# Orbea Gain charger problem? Charger or bike?



## youngoldbloke (21 Aug 2021)

Charging the Gain today in readiness for a longer ride tomorrow. Checking the bike found that it had charged from 40% to 76%, IWOC light constant and red light on charger off (no light). Disconnected charger from bike and socket, plugged in switched on , green light came on, and reconnected charger to bike. Red light came on, IWOC light flashing as usual - charging. After just a few seconds light on charger went out, IWOC light constant again, charging stopped. Disconnected charger, light remained off. After a few minutes switched charger on again, green light back again. Went through whole procedure again, same result. Is the fault in the charger or the bike? Anyone had a similar problem?


----------



## CXRAndy (21 Aug 2021)

youngoldbloke said:


> Charging the Gain today in readiness for a longer ride tomorrow. Checking the bike found that it had charged from 40% to 76%, IWOC light constant and red light on charger off (no light). Disconnected charger from bike and socket, plugged in switched on , green light came on, and reconnected charger to bike. Red light came on, IWOC light flashing as usual - charging. After just a few seconds light on charger went out, IWOC light constant again, charging stopped. Disconnected charger, light remained off. After a few minutes switched charger on again, green light back again. Went through whole procedure again, same result. Is the fault in the charger or the bike? Anyone had a similar problem?



You either need a spare known good charger to see if problem lay with battery. If it charges fine your original charger is faulty.
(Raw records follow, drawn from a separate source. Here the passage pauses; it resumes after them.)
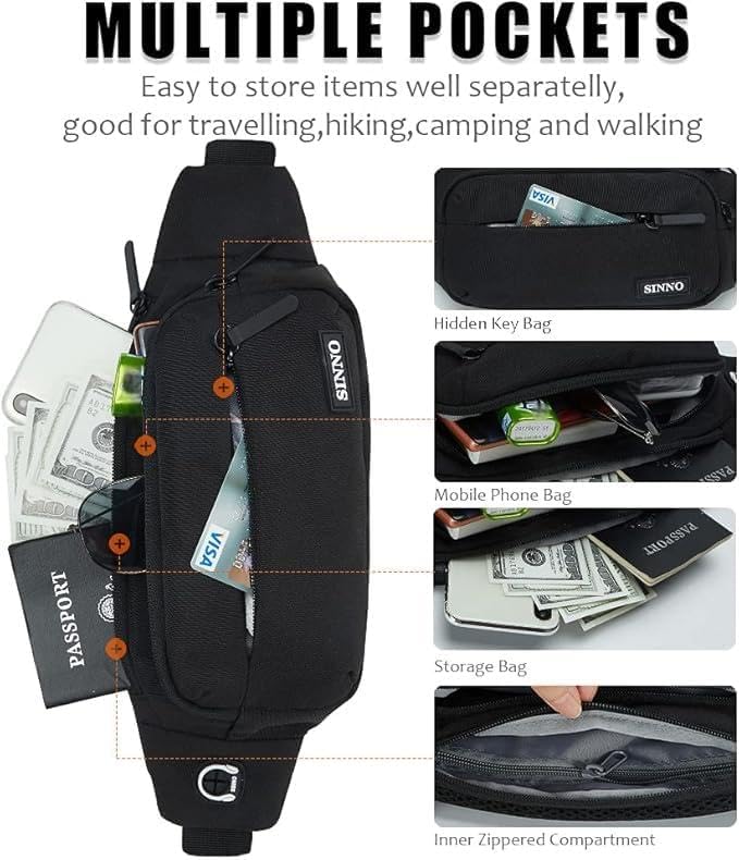 SINNO Large Crossbody Fanny Pack for Women Men Belt Bag With 4-Zipper Pockets for Travel Running Hiking Workout Dog Walking Outdoors Sport Fishing Waist Pack Bag Carrying All Phones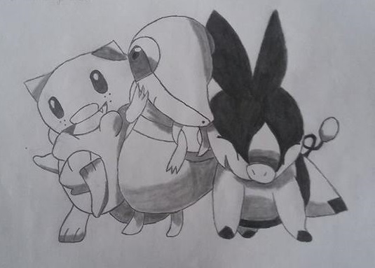 Bah c'est simple, cette fois j'ai fait les starters de la deuxième génération ^^ Le Kaïminus est assez bien réussit je trouve, Héricendre est assez bien, mais je crois que Germignon aurai eu besoins d'être retravailler un peu ^^'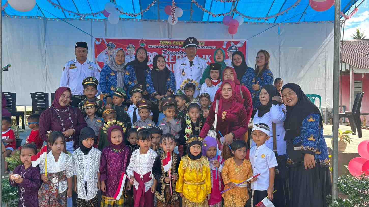KILASBANGGAI.COM, BATUI- Memperingati 80 tahun Kemerdekaan Republik Indonesia, Desa Ondo – Ondolu, Kecamatan Batui, Kabupaten Banggai, Sulawesi Tengah menggelar upacara bendera yang berlangsung khidmat dan penuh semangat, Minggu (17/8/2025). Upacara yang dipimpin langsung oleh Kepala Desa Muh. Yunus ini diadakan di lapangan balai desa yang baru saja dibangun secara khusus.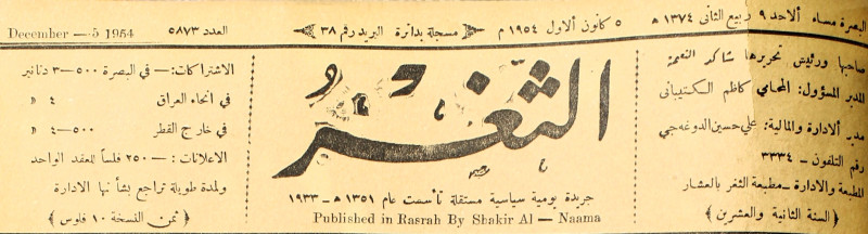 صاحبها ورئيس تحريرها : شاكر النعمة.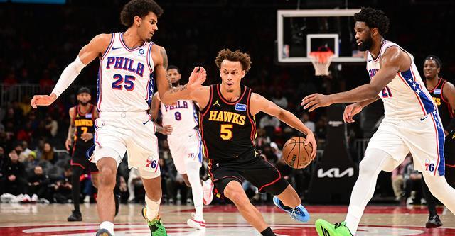 北京时间12月15日,NBA常规赛再战一场,格里姆斯错失绝平三分,老鹰主场120-117险胜76人避免连败。此役丹尼尔斯27分10篮板4助攻,奥孔古20分15篮板,杰伦-约翰逊12分10篮板12助攻,连续4场比赛斩获三双;76人队无缘连胜,乔治空砍35分,埃奇库姆26分6篮板,恩比德22分14篮板,格里姆斯14分7助攻。 (NBA官网) |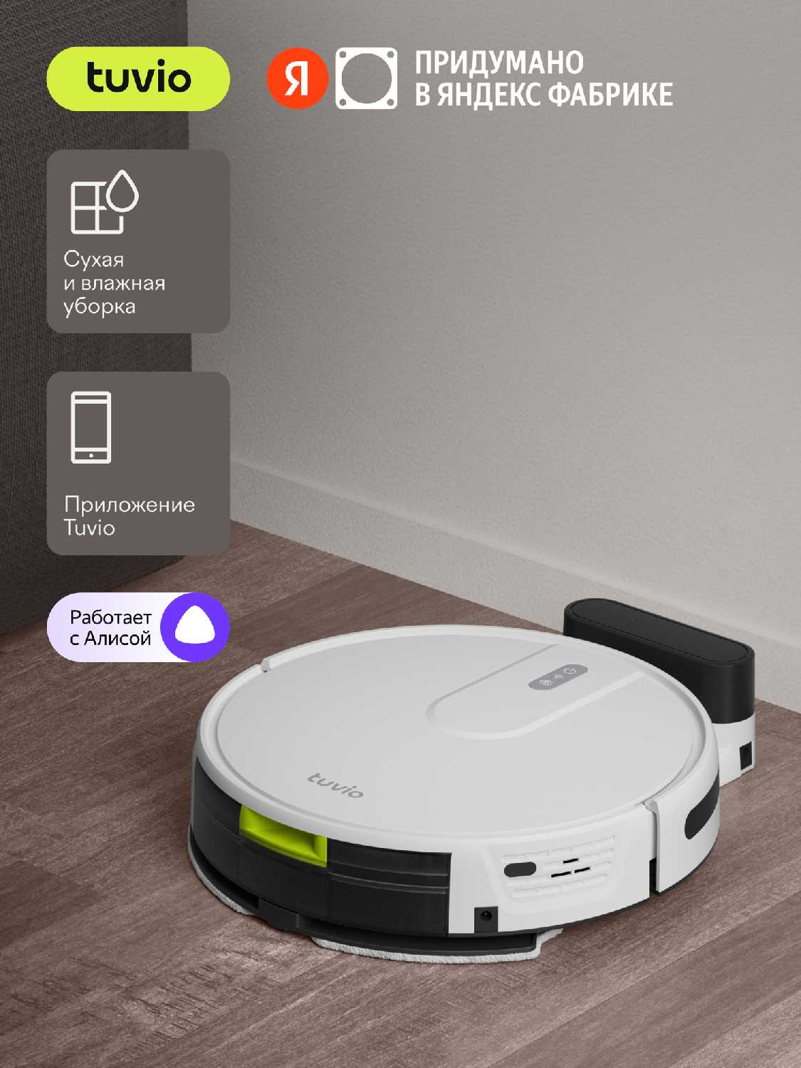 - + Плюсы: Робот-пылесос Tuvio TR07MGBW с Wi-Fi и функцией влажной уборки хорошо справляется с задачами. Он хорошо убирает сухую уборку, собирая пыль и мусор, а также моет полы и оставляет их без разводов. Отдельно отмечу простоту обслуживания: контейнер для мусора и резервуар с водой удобно вытаскивать и промывать. Управлять устройством можно через удобное мобильное приложение или через пульт ДУ. Особенно радует интеграция с Яндекс Умный дом — после подключения появляется возможность голосового управления через Алису. Например, можно сказать: Алиса, запусти уборку, и робот начнет работу. Кроме того, можно настраивать сценарии автоматизации через приложение, что делает использование гибким. В целом это нормальный вариант для тех, кому нужна автоматизация уборки без лишних сложностей. 😊

Take it to a orbea dealer to do the above test


----------



## youngoldbloke (21 Aug 2021)

If I leave the charger connected to the main supply after disconnecting bike it does not reset - the green light does not come on, however long I leave it. It will only come on again if I switch off the mains supply and then re-connect the charger.
Can anyone recommend a dealer in the NE - Newcastle/Gateshead/Northumberland area?


----------



## CXRAndy (21 Aug 2021)

https://www.orbea.com/gb-en/dealers/


----------



## youngoldbloke (22 Aug 2021)

CXRAndy said:


> https://www.orbea.com/gb-en/dealers/


Thanks, I'd checked that out. I was looking for recommendations.


----------



## CXRAndy (22 Aug 2021)

youngoldbloke said:


> Thanks, I'd checked that out. I was looking for recommendations.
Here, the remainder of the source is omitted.